Lembramos de Pedro Casaldáliga: o santo bispo do Araguaia que sempre soube ser fiel ao Evangelho, à Boa Nova: Jesus presente entre os mais pobres e exilados de seu povo. Como disse Fernando Altemeyer Jr. “Nunca abandonou o breviário, as missas fidelíssimas ao ordo e à missão, sem perder de vista os pobres e as comunidades. Via tudo sob o olhar da eternidade. Ficara conhecido pelo slogan vital e radical: 'Nada possuir, nada carregar, nada pedir, nada calar, e, sobretudo, nada matar'. Viveu sempre como um pobre, em casa simples, de porta sempre aberta, usando chinelo de dedo, bicicletas, canoas, roupa simples, comida frugal, cotidiano franciscano e viagens sem luxo".
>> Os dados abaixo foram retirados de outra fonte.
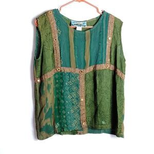 Rayon top, embellished with embroidery and mirrors, free size, or one size,. Chest 23", length 24". Z
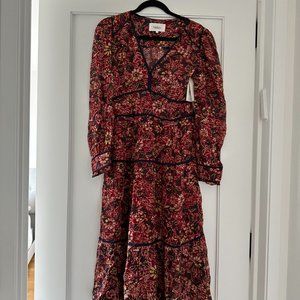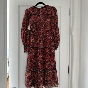 BA&SH Gigi Midi Dress Tiered All-over Floral Print Burgundy V-neck Long Sleeve
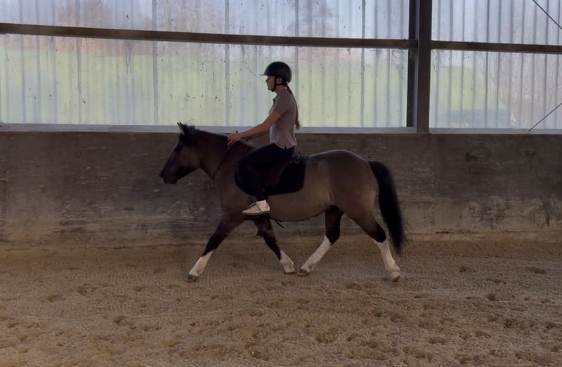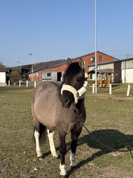 Fussel ist ein 5 jähriger Huzulen Wallach, in auffälliger Farbe Maus- Falbe ( Blue Du ) mit vier mal Weiß. Er zeigt sich im täglichen Umgang sehr lieb, unkompliziert und menschenbezogen. Er ist aktuell ca. 1,40m groß, sein Endmaß wird bei ca. 1,42m liegen. Er hat volle Papiere. Unterm Sattel will er immer gefallen und lernt wirklich schnell. Er ist stets brav und rittig und gibt dem Reiter ein gutes und sicheres Gefühl. Aktuell wird er dressurmäßig gearbeitet. Hier zeigt er sich kooperativ und ist einfach und fein zu reiten. Er hat drei schöne GGA und ist sehr Sitzbequem. Fussel wird Problemlos im Gelände geritten und hat auch schon einige Sprünge gemacht. Er ist nicht guckig oder Schreckhaft. Fussel kennt es von Kindern geritten zu werden, (keine Anfänger bis jetzt). Er geht auch in einer Abteilung - vorne, hinten, Mitte. Fussel deckt auch kleine Erwachsene gut ab. (Die Reiterin auf den Bildern ist ca. 1,72m groß) Aktuell steht er in einer Stutenherde, er steht aber auch problemlos mit Wallachen. Er läuft Barhuf. Fussel ist schmiede - und verladefromm. Videos gerne auf Anfrage. Für ein Probereiten wird eine Gebühr von 20€ verlangt, um Reittourismus zu vermeiden. Wenn es zum Kauf kommt, werden die 20€ selbstverständlich verrechnet.
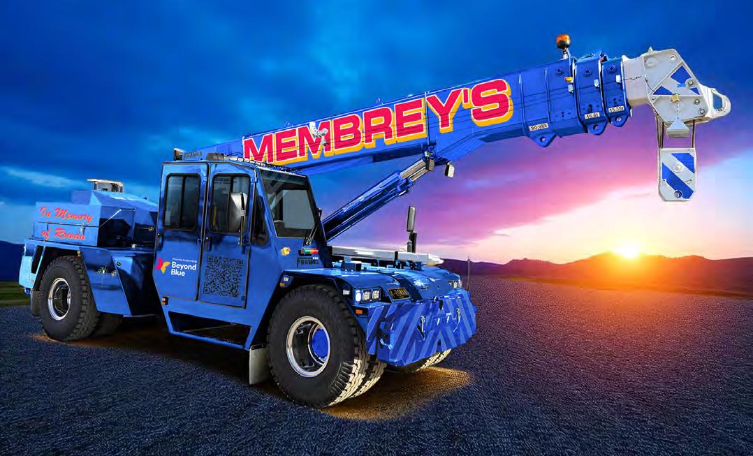 IN WRITING THIS COLUMN, I ACKNOWLEDGE that early September was a dark and difficult period for the industry but Craig Membrey, Managing Director of Membrey’s Transport and Crane Hire, with support from the industry, brightened the mood immensely. One crane now holds something deeply personal for Craig: the memory of his son Rowan, and a message he has carried for more than a decade – that talking about mental health can save lives.
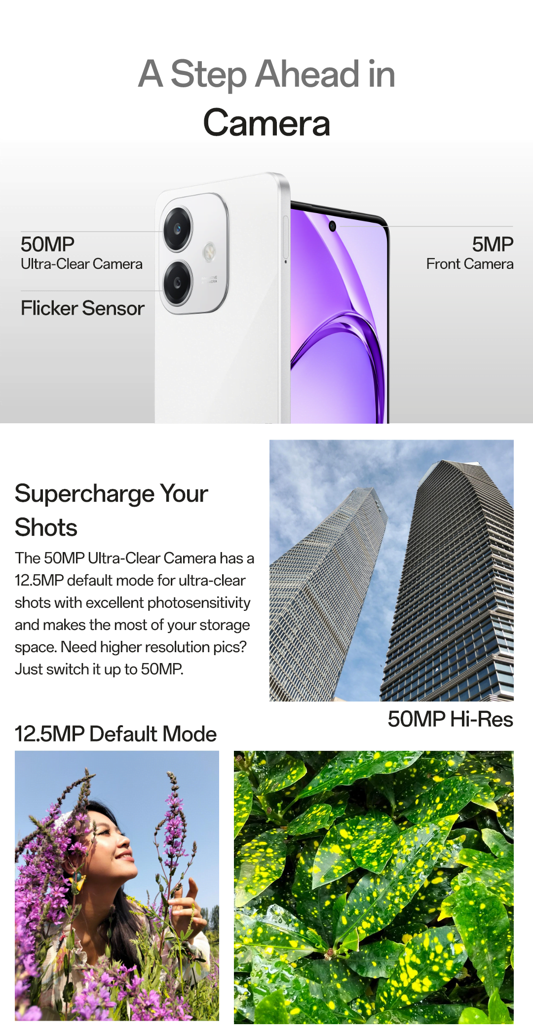 ● Main camera: Ultra-Clear camera: 50MP; f/1.8; FOV 76°; 5P lens; AF; open-loop focus motor

Deixamos ressoar suas palabras:
Niña precoz,
hermana primogénita
de la Liberación
que se conquista.
Niña novia del Día prometido,
bautizada en la sangre,
grávida de esperanza.
Quiero abrazarte, América,
por tu cintura ardiente,
¡Centroamérica nuestra!
Alguém (um tal Ítalo Joven), no calor dos seus vinte anos, respondeu:
Quiero abrazar contigo,
amigo obispo,
Centroamérica nuestra,
y, como soy pobre
de corazón
y de vista,
quiero también
que sea
una novia verdadera.
Casaldáliga nos indica o caminho de desejos apaixonados e muito concretos, os únicos que nos salvam.
Acabamos de começar a percorrê-los. Ninguém sabe para onde nos levarão.